Within organizational debt, there is a volatile subset most likely to come abruptly due, and I call that subset organizational risk. Some good examples might be a toxic team culture, a toilsome fire drill, or a struggling leader.
These problems bubble up from your peers, skip-level one-on-ones,16 and organizational health surveys. If you care and are listening, these are hard to miss. But they are slow to fix. And, oh, do they accumulate! The larger and older your organization is, the more you’ll find perched on your capable shoulders.
How you respond to this is, in my opinion, the core challenge of leading a large organization. How do you continue to remain emotionally engaged with the challenges faced by individuals you’re responsible to help, when their problem is low in your problems queue? In that moment, do you shrug off the responsibility, either by changing roles or picking powerlessness? Hide in indifference? Become so hard on yourself that you collapse inward?
I’ve tried all of these! They weren’t very satisfying.
What I’ve found most successful is to identify a few areas to improve, ensure you’re making progress on those, and give yourself permission to do the rest poorly.

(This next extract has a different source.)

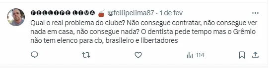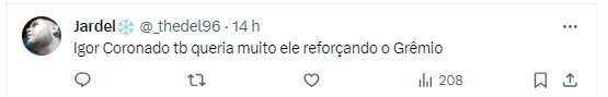 “O nome que está em pauta no mercado, mas, curiosamente, não está na pauta do Grêmio. Ninguém admite que o Grêmio tenha demonstrado interesse, tenha observado ou tenha, inclusive, buscado algum tipo de informação sobre esse jogador”, disse.

Work with your manager to write this up as an explicit plan and agree on what reasonable progress looks like. These issues are still stored with your other bags of risk and responsibility, but you’ve agreed on expectations.
Now
you have a set of organizational risks that you’re pretty confident will get fixed, and then you have all the others: known problems, likely to go sideways, that you don’t believe you’re able to address quickly. What do you do about those?
I like to keep them close.
Typically, my organizational philosophy is to stabilize team-by-team and organization-by-organization. Ensuring any given area is well on the path to health before moving my focus. I try not to push risks onto teams that are functioning well. You do need to delegate some risks, but generally I think it’s best to only delegate solvable risk. If something simply isn’t likely to go well, I think it’s best to hold the bag yourself. You may be the best suited to manage the risk, but you’re almost certainly the best positioned to take responsibility.
As an organizational leader, you’ll always have a portfolio of risk, and you’ll always be doing very badly at some things that are important to you. That’s not only okay, it’s unavoidable.
2.6 Succession planning
Two or three years into a role, you may find that your personal rate of learning has trailed off. You know your team well, the industry particulars are no longer quite as intimidating, and you have solved the mystery of getting things done at your company. This can be a sign to start looking for your next role, but it’s also a great opportunity to build experience with succession planning.
Succession planning is thinking through how the organization would function without you, documenting those gaps, and starting to fill them in. It’s awkward enough to talk about that it doesn’t get much discussion, but it’s a foundational skill for building an enduring organization.